- WORK TASK:
Every entry below should be written out exactly, and no image should appear.

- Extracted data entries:
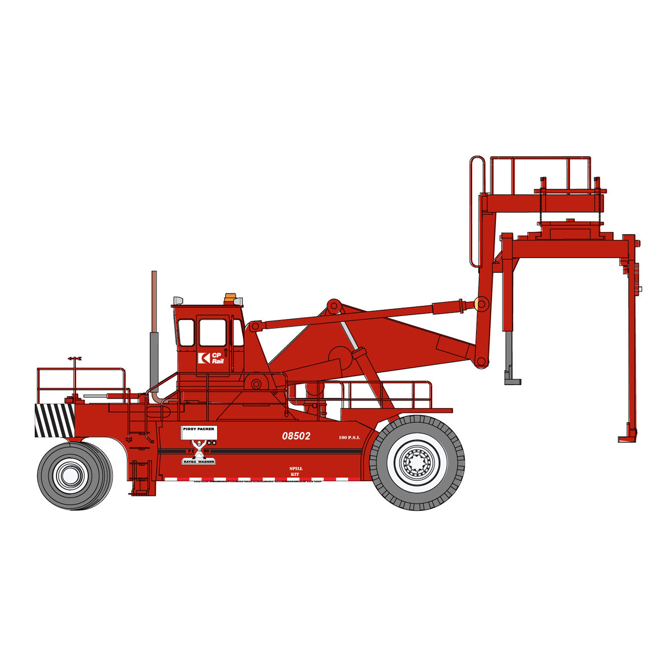 - Far side arm rotates up to clear top of trailer or container.
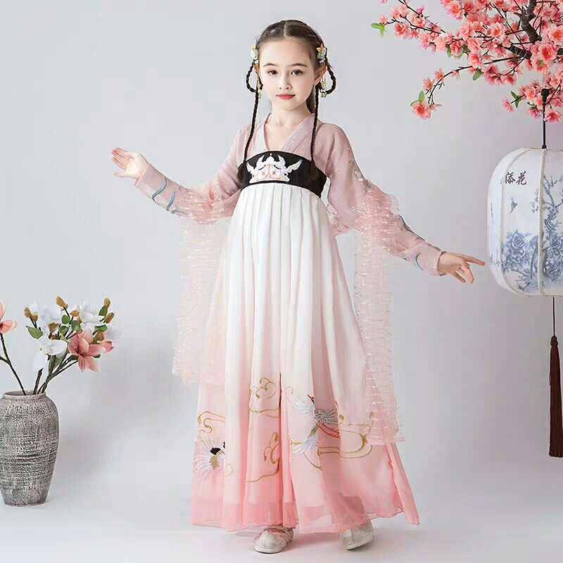 新款儿童执镜佣表演服女童汉服襦裙汉唐装演出服中国风古典舞服装
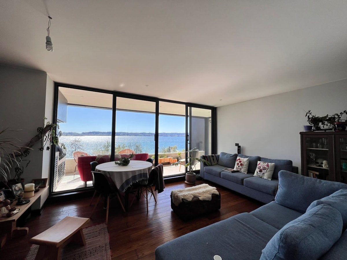 Spacious and fine apartment (2nd floor), in "Parque Pinares" condominium (www.parquepinares.cl), located on the shore of Lake Villarrica, with private access to the Lake and surrounded by native trees and very close to Pucon (less than 1 Km). With large living room and terrace overlooking the lake, boats and mountains. Suite bedroom with lake view, walk-in closet, security box and large bathroom. It can go to a wide variety of restaurants, casino and nightclubs, Walking or in Uber.
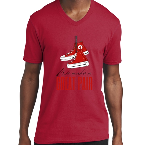 Introducing the Men's Graphic V-neck T-shirt, Say It Soul, We Make A Great Pair, a perfect blend of style and comfort designed for the imaginative individual. This vibrant red t-shirt is not just a piece of clothing; it’s a canvas for self-expression, allowing you to showcase your unique personality through fashion. Crafted with high-quality materials, this tee is tailored for those who appreciate artistic designs and want to make a bold statement in their everyday wear.
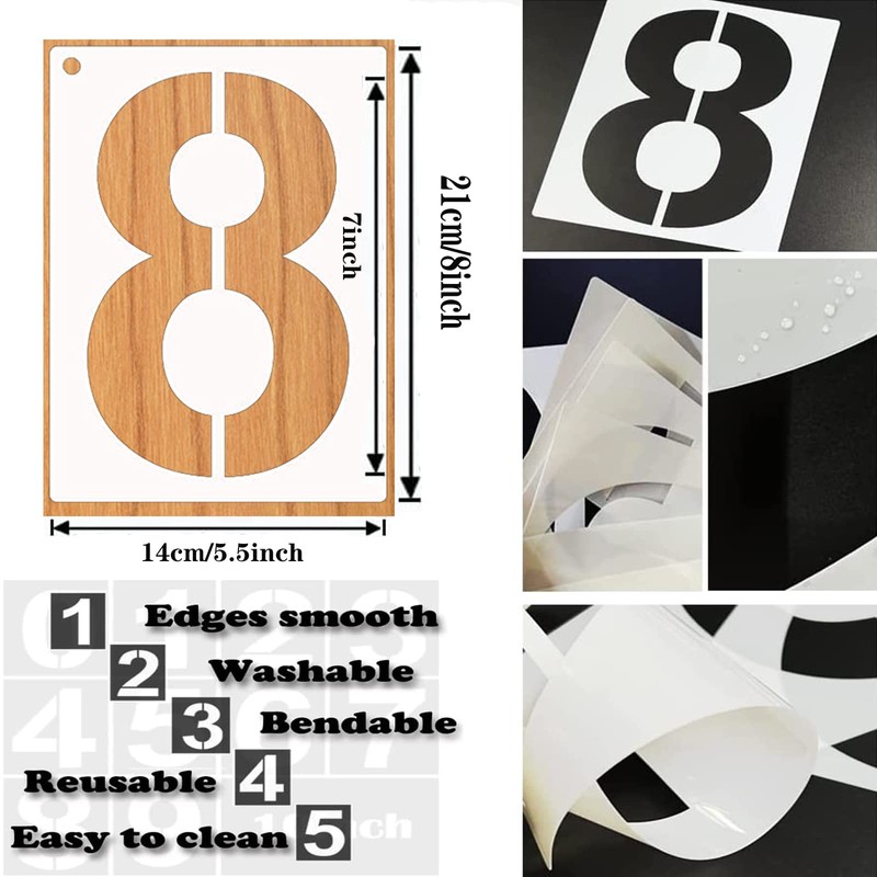 - 8 inch large number stencil set: the number painting stencils set includes 0 to 9 digital painting templates, a total of 10 pieces. Each stencil measures 8 inches and each number measures 7 inches high and four size options to meet a variety of daily uses.

- TASK SOLUTION:
 - Far side arm rotates up to clear top of trailer or container.
 新款儿童执镜佣表演服女童汉服襦裙汉唐装演出服中国风古典舞服装
 Spacious and fine apartment (2nd floor), in "Parque Pinares" condominium (www.parquepinares.cl), located on the shore of Lake Villarrica, with private access to the Lake and surrounded by native trees and very close to Pucon (less than 1 Km). With large living room and terrace overlooking the lake, boats and mountains. Suite bedroom with lake view, walk-in closet, security box and large bathroom. It can go to a wide variety of restaurants, casino and nightclubs, Walking or in Uber.
 Introducing the Men's Graphic V-neck T-shirt, Say It Soul, We Make A Great Pair, a perfect blend of style and comfort designed for the imaginative individual. This vibrant red t-shirt is not just a piece of clothing; it’s a canvas for self-expression, allowing you to showcase your unique personality through fashion. Crafted with high-quality materials, this tee is tailored for those who appreciate artistic designs and want to make a bold statement in their everyday wear.
 - 8 inch large number stencil set: the number painting stencils set includes 0 to 9 digital painting templates, a total of 10 pieces. Each stencil measures 8 inches and each number measures 7 inches high and four size options to meet a variety of daily uses.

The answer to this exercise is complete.